All that is needed is the line containing "有人亮出了一个链接,跳转的是一个2021年发布的打油诗数据集Needle in a" and the lines after it to the end of the material, written out exactly, pictures left aside.
BEGIN Dataset section
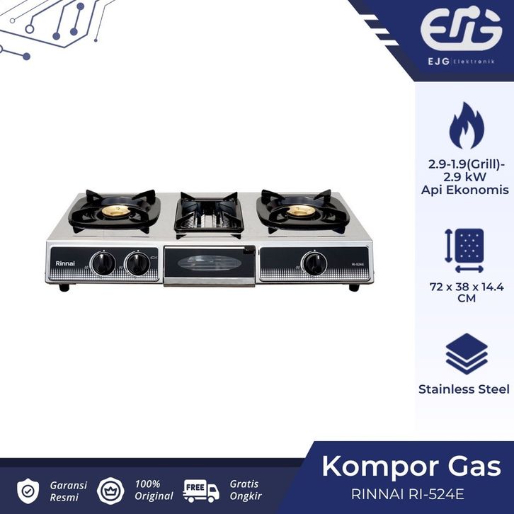 RINNAI RI 524 E KOMPOR GAS 2 TUNGKU GRILL PANGGANGAN a-p-i EKONOMIS
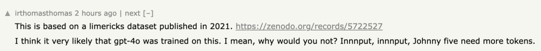有人亮出了一个链接,跳转的是一个2021年发布的打油诗数据集Needle in a Needlestack(只能说世界之大无奇不有),称他坚信GPT-4o训练时,用了里面的数据,
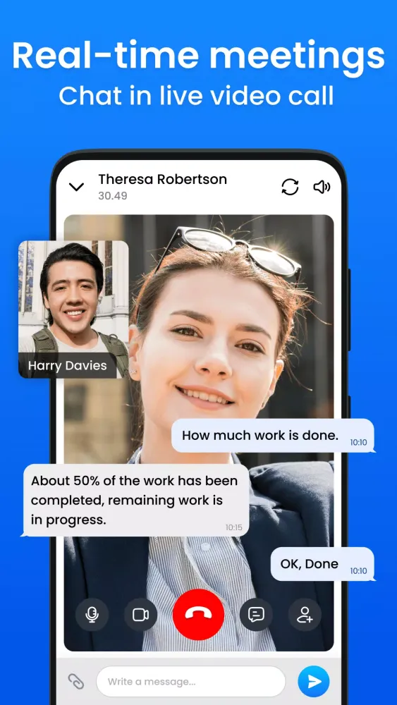 - Collaborate with your team in real-time using video, audio, and screen sharing.
END Dataset section
• **Answer to this exercise**:
有人亮出了一个链接,跳转的是一个2021年发布的打油诗数据集Needle in a Needlestack(只能说世界之大无奇不有),称他坚信GPT-4o训练时,用了里面的数据,
 - Collaborate with your team in real-time using video, audio, and screen sharing.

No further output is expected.